Mata merupakan salah satu organ yang penting, sehingga harus dilindungi oleh
tulang.
·
Alat-alat
pada bagian luar mata terdiri atas alis, kelopak mata, kelenjar air mata, dan
bulu mata. Keempat alat tersebut berfungsi melindungi mata dari pengaruh luar.
·
Bagian
Luar Mata;
a)
Alis
mata merupakan kumpulan rambut kasar yang terletak di atas mata. Alis mata
berguna untuk mencegah keringat dan kotoran dari dahi agar tidak masuk ke dalam
mata
b)
Kelopak
mata terdiri atas kelopak atas dan kelopak bawah. Kelopak mata berguna untuk
menutup bola mata. Bagaimanakah keadaan mata saat kamu tertidur? Tentu saja
orang yang sedang tidur, kelopak matanya dalam keadaan tertutup. Pada waktu
tidur, mata beristirahat sehingga kelopak mata pun menutup. Apabila terkena
cahaya yang silau atau ada benda asing yang akan masuk, kelopak mata akan
segera menutup untuk melindungi mata. Mata kita juga sering berkedip tanpa kita
sadari. Berkedip merupakan kegiatan menutup dan membuka kelopak mata. Gerakan
kelopak mata ini juga bertujuan untuk membersihkan kornea.
c)
Kalenjar
Air Mata Kamu pasti pernah menangis, tahukah kamu dari manakah asal air mata
tersebut? Air mata yang muncul saat kita menangis dihasilkan oleh kalenjar air
mata. Air mata mempunyai banyak fungsi. Air mata berguna untuk membasahi kornea
mata agar tidak kering, melindungi mata dari kuman, menjaga mata dan bagian
dalam kelopak mata agar tetap sehat dan lembut.
d)
Bulu
Mata Bulu mata merupakan rambut yang terletak di kelopak mata. Bulu mata dapat
diumpamakan sebagai tirai (kisi-kisi). Tahukah kamu fungsi dari bulu mata? Bulu
mata berguna untuk melindungi mata dari benda asing, misalnya debu atau kotoran
agar tidak masuk ke dalam mata. Bulu mata juga berguna untuk mengurangi cahaya
yang terlalu terang yang akan masuk ke mata.
·
Bagian
Dalam Mata.
Bagian
dalam mata terdiri atas kornea, iris, pupil, lensa mata, retina, otot mata, dan
saraf mata
a)
Kornea/
Selaput Bening Kornea atau selaput tanduk sangat penting bagi ketajaman
penglihatan kita. Tahukah kamu apa guna kornea? Kornea berfungsi untuk
melewatkan cahaya yang masuk dari luar dan melindungi lensa mata. Cahaya
diteruskan ke bagian mata yang lebih dalam dan berakhir pada retina. Kornea
mempunyai sifat tidak berwarna (bening) dan tidak mempunyai pembuluh darah.

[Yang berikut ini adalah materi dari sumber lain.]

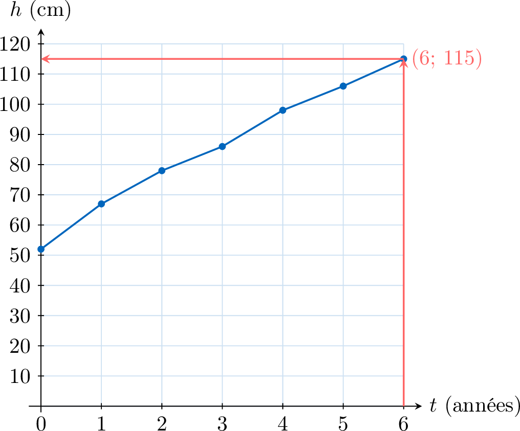 Le point obtenu est \((6;115)\), donc la taille de Hugo à \(6\) ans est \(h = 115\) cm.
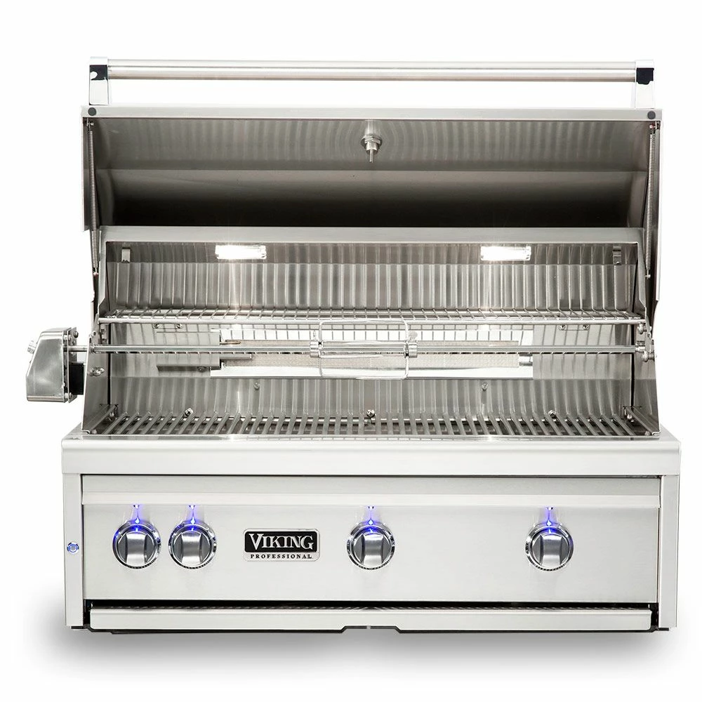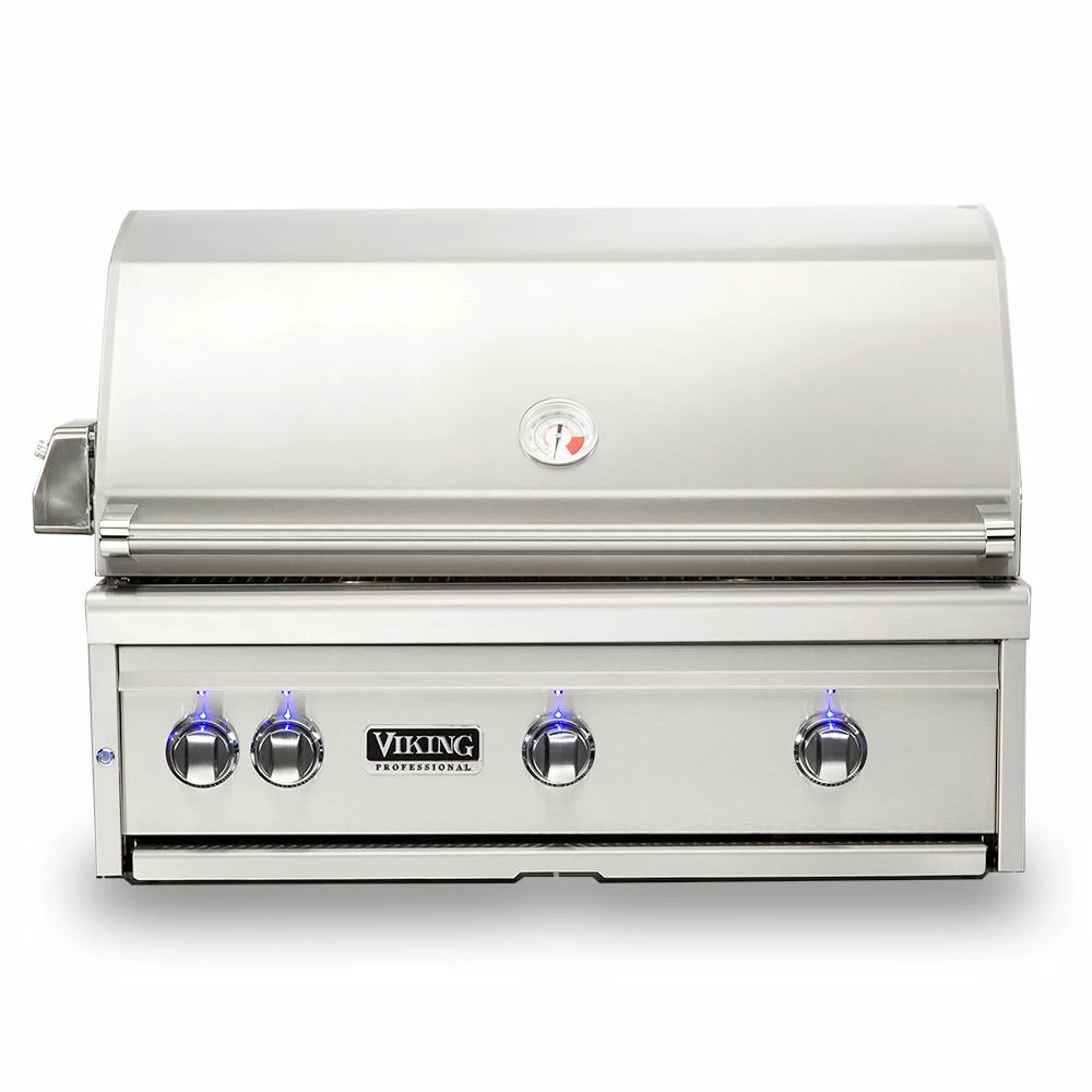 Viking 5 Series Stainless Steel Built-In Gas Grill with ProSear Burner & Rotisserie, 36-Inch (VQGI536) offers a top-of-the-line experience for the grill master who is serious about performance and quality, built from 16-gauge stainless steel to last through the years. It features (2) commercial grade cast brass burners which put out 25,000 BTU each and an infrared ProSear burner for achieving excellent color and flavor every time. As if that weren’t enough, it also comes outfitted with a dedicated infrared rear burner and heavy-duty rotisserie kit with a 3-speed motor for even more versatility. Combine all of this with the high-density ceramic briquettes providing even and reliable radiant heat across the 935in² grilling surface and you’ve got a grill that produces delicious results that are sure to impress.

Orang yang sudah lanjut usia, korneanya berubah menjadi keruh. Kornea mata yang
rusak dapat diganti dengan cara melakukan cangkok mata. Orang yang
menyumbangkan kornea matanya disebut donor mata. Donor mata dapat menyembuhkan
seseorang dari kebutaan.
b)
Iris/
Selaput Pelangi Selaput pelangi adalah selembar otot yang terletak di belakang
kornea. Selaput pelangi merupakan jaringan yang kaya dengan pembuluh darah.
Warna iris ada yang biru, hitam, atau cokelat. Iris berguna untuk menggerakkan
pupil dan untuk mengatur banyaknya cahaya yang masuk ke mata. Lingkaran pupil
terbentuk oleh iris. Coba kamu lihat iris mata teman sebangkumu? Apa yang kamu
lihat? Selaput pelangi orang Indonesia pada umumnya berwarna cokelat kehitaman.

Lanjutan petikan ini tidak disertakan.